Another potential challenge is when do you need the single-cell genomics and when is that unnecessary effort? That comes down to the question: Are you better served to have for a research study with lots of unique biological replicates or that single-cell precision on a smaller number of distinct biological samples? Depending on your question, the answer could be different. I think clarifying those questions and figuring those answers out is sometimes a bigger challenge than other things. Of course, there are always better ways to mine the data we have.
I do also think that there are looming regulatory questions there as well. The exact understanding of DNA sequencing information under HIPAA is something which will need to be thought about and is being considered by a number of regulatory bodies. Depending on how all that nets out, that would have major implications about an awful lot. That's not a genomics question at all, but it's definitely germane to how we use genomic data from a health system standpoint and a clinical value standpoint.
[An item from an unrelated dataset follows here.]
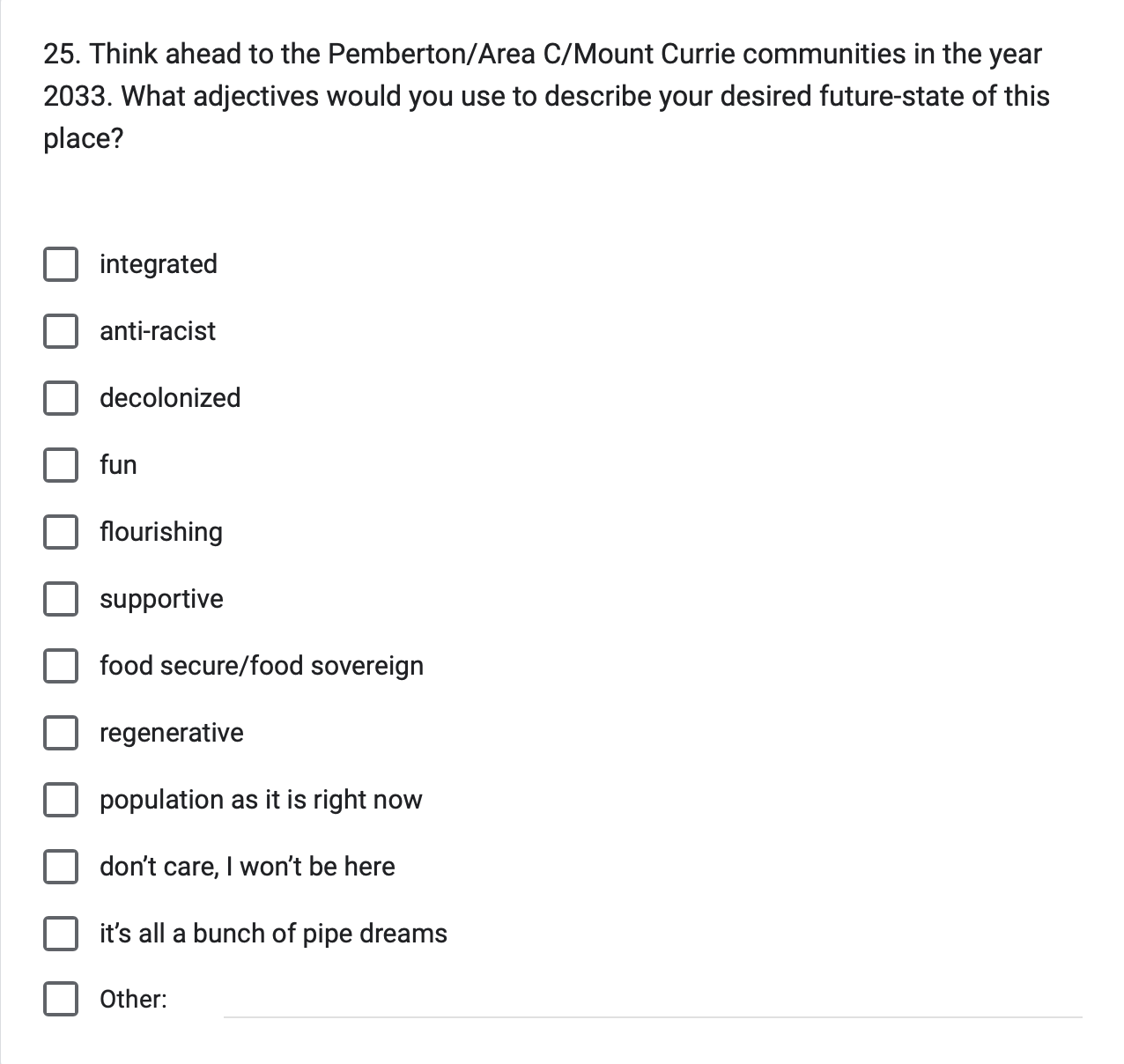 Sometimes it’s hard to come up with an entire vision, but you know it when you see it – is fun important? Is food security important? Is there something missing from the list entirely?

That's not small potatoes.
If I talk to you a year from now, what would you expect to have accomplished in you first year in this role?
Well, certainly having a better sense of our inventory and what the most valuable activities we can engage in, in terms of enabling both clinical care and research would be high on the list. Some of these things are going to be pretty prosaic. Some of them actually may turn out to be quite interesting. I think a better understanding of how we translate from the good research more effectively into the clinic, I think that's an important thing. We've got a pretty strong track record with that role, with what Sema4 does, and other things. But there's a lot we can learn I think specifically in the transcriptomics area. That's going to be an important thing as well.
I think a year from now, I'll probably look back and laugh at a lot of what we've been saying. I would think that it would be good to have a stronger answer in terms of a business case for pharmacogenomics and population health. That's something that we and others would like to explore and something that we may ... pay more attention to. That's not too hard to think about. It's a fairly discrete use case.